No one doubts the importance of East Asia to economic policy. China, in particular, will be propping-up global economic growth for the foreseeable future. And yet, when it comes to foreign policy, this vital region barely figures in our headlines (North Korea providing the only consistent exception).
Yet, 2013 could be the year when this changes. Writing in Foreign Policy, Michael Mazza points to rising tensions:
- “As the world's center of economic gravity shifts from the Atlantic to the Pacific, it's moved from a region of enduring peace to one of pervasive friction. Last spring, China and the Philippines nearly came to blows over a small shoal in the South China Sea. In mid-December, Japan dispatched eight fighter planes after a small Chinese plane entered Japanese airspace, near a group of disputed islands in the East China Sea. North Korea tested another missile in mid-December, and appears to be preparing for a third nuclear test. Peace between India and Pakistan remains elusive, while Indonesia and the Philippines continue to wrestle with Islamic terrorism.”

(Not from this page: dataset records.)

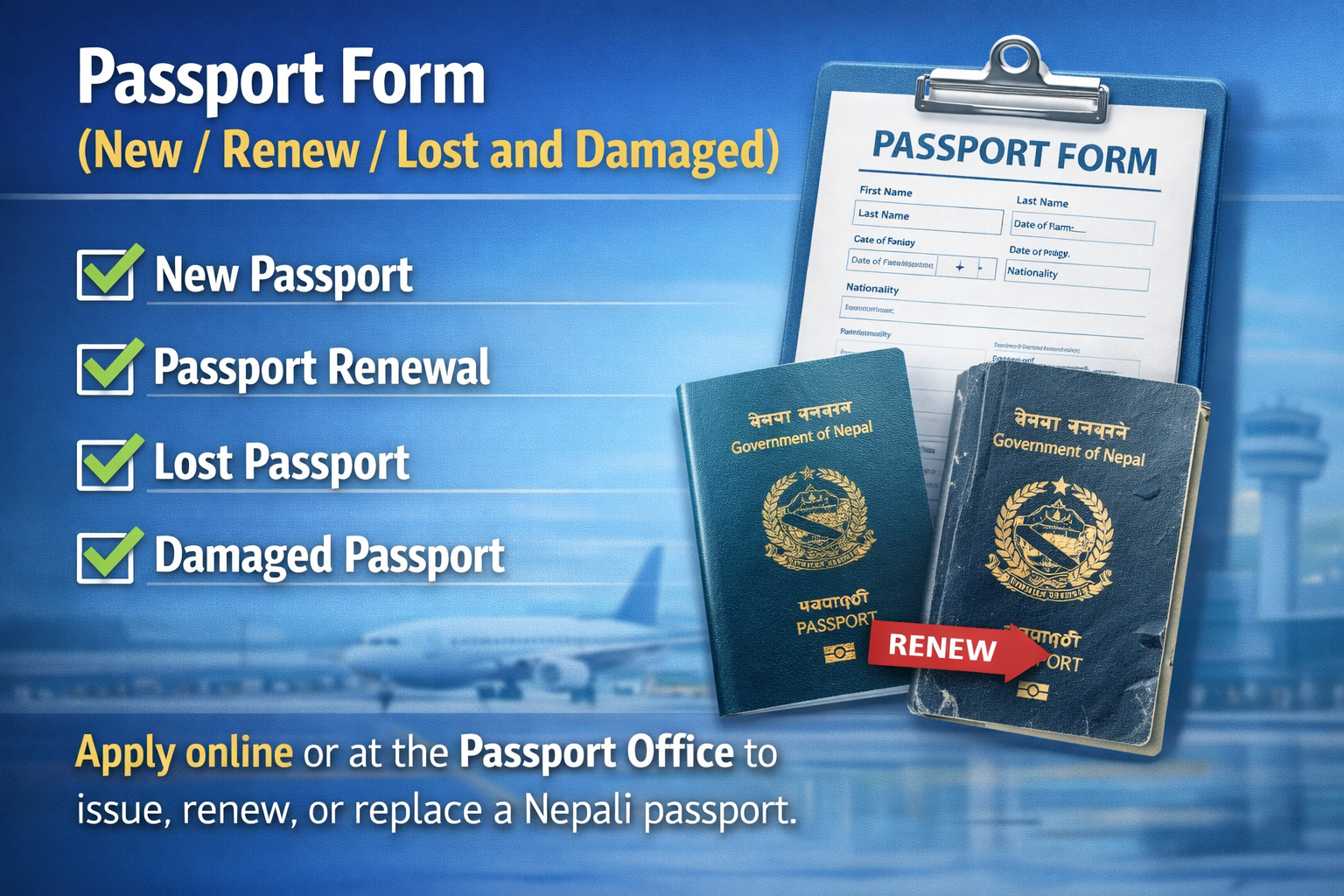 Passport Form (New / Renew / Lost & Damaged) is the official application process required to issue, renew, or replace a Nepali passport. A valid passport Passport Form (New / Renew / Lost & Damaged) is the official application process required to issue, renew, or replace a Nepali passport. A valid passport is an essential travel document for foreign employment, study, tourism, and international travel. This service is provided by the Department of Passports, Nepal, and applies to all Nepali citizens who need a passport for the first time, whose passport has expired or is about to expire, or whose passport has been lost or damaged. Read More
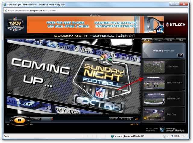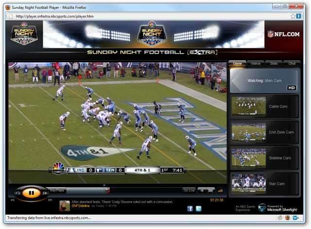 אם אתה לא יכול להגיע למשחק כי אתה בעבודה או משום מה לא מקבל NBC ... צפייה במשחקי יום ראשון בערב ברשת היא מהנה מאוד. גם אם יש לך את המשחק בבית ב- HDTV שלך, עדיין יש תכונות מגניבות שיאפשרו לך לעמוד בקצב המשחק המקוון מדי.
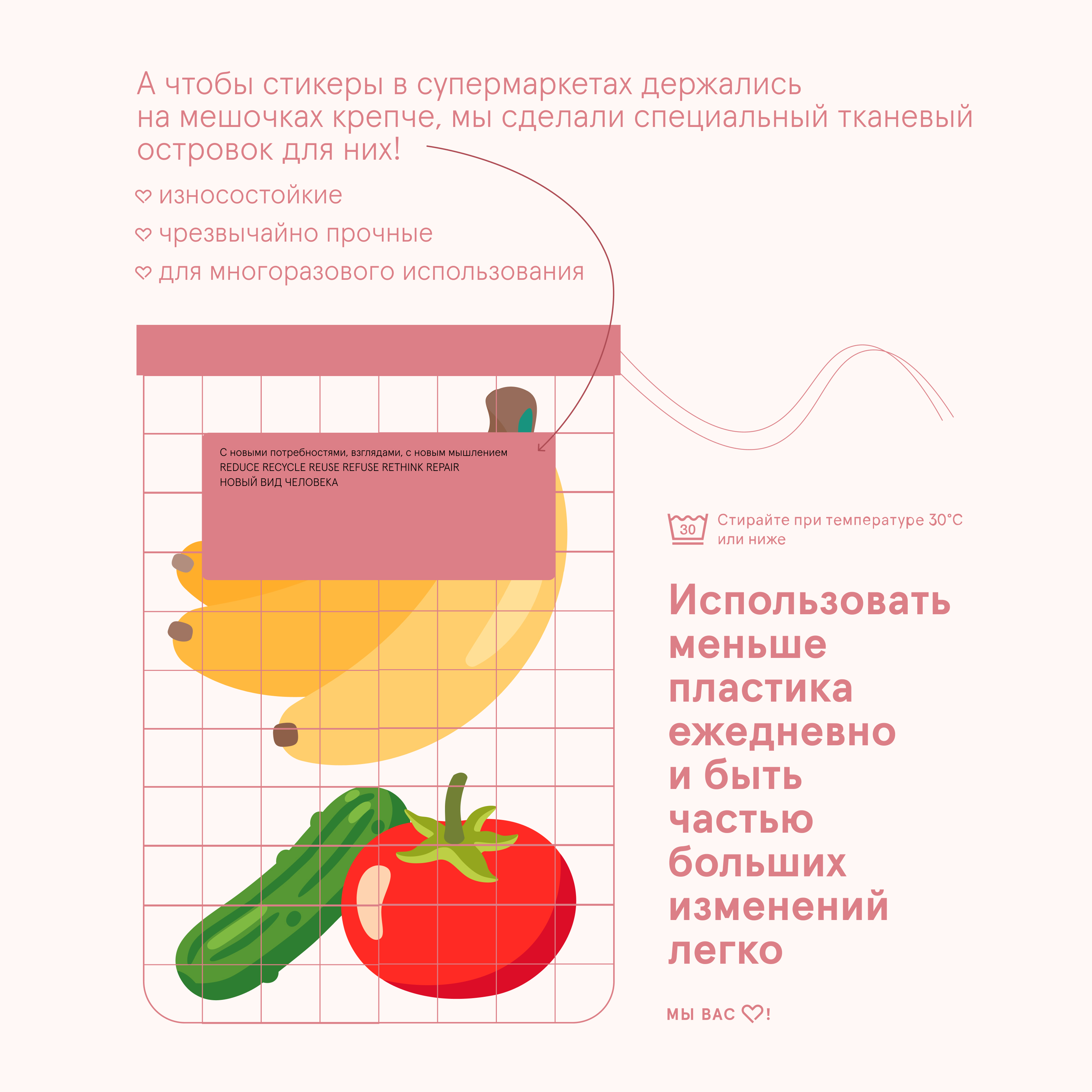 Хлопковые мешочки еще пригодятся для покупки фруктов и овощей в супермаркете. Складывайте в них весовые продукты, взвешивайте их, приклеивайте стикер и идите на кассу. После этого, вы можете использовать мешочки для хранения купленных продуктов как в тепле, так и в холодильнике.

Mazza warns us to be on our guard against a range of possible Asian surprises – including a Jihadi attack on China and the chaos that might follow the death of Thailand’s elderly King.
However, the biggest cause of concern is surely the growing rivalry between China, Japan and other nations in the South China Sea.
Some people regard China’s increasing assertiveness over various disputed islands as nationalistic posturing. But as John Hickman explains on the e-International Relations website, China does have some genuine cause for complaint:
- “The unspoken grievance is that China and South Korea gained little new territory as Exclusive Economic Zones in the scramble to carve up the oceans during the United Nations Convention on the Law of the Sea (UNCLOS). Despite their large economies and populations, China and South Korea were entitled to claim only fractions of the areas claimed by the ten states that received the largest shares: the five Anglo-Saxon powers + France, Russia, Indonesia, Japan and Portugal. The United States and France each acquired more than 11.3 million square kilometers of the oceans. By comparison, China may claim a mere 879,000 square kilometers – less than the 923,322 square kilometers that the Maldives received. Given that China has the largest population on the planet, the second largest national economy and the fourth largest pre-UNCLOS land area, awarding 31 other states more area is another humiliation for a people whose modern national narrative consists largely of humiliation by other powers.”
Hickman goes on to draw a striking historical parallel:
- “Like Germany just before the First World War, China is a continental power that has grown wealthy through industrial exports but is heavily dependent on imported raw materials and whose access to the sea is more limited than the other powers, with the exception of Russia.”
Of course, while we ought to be concerned, that doesn’t mean there's much we can actually do about it. While America still plays a vital role in Pacific, an eastward shift in the foreign policy action will serve to confirm Europe’s increasing irrelevance.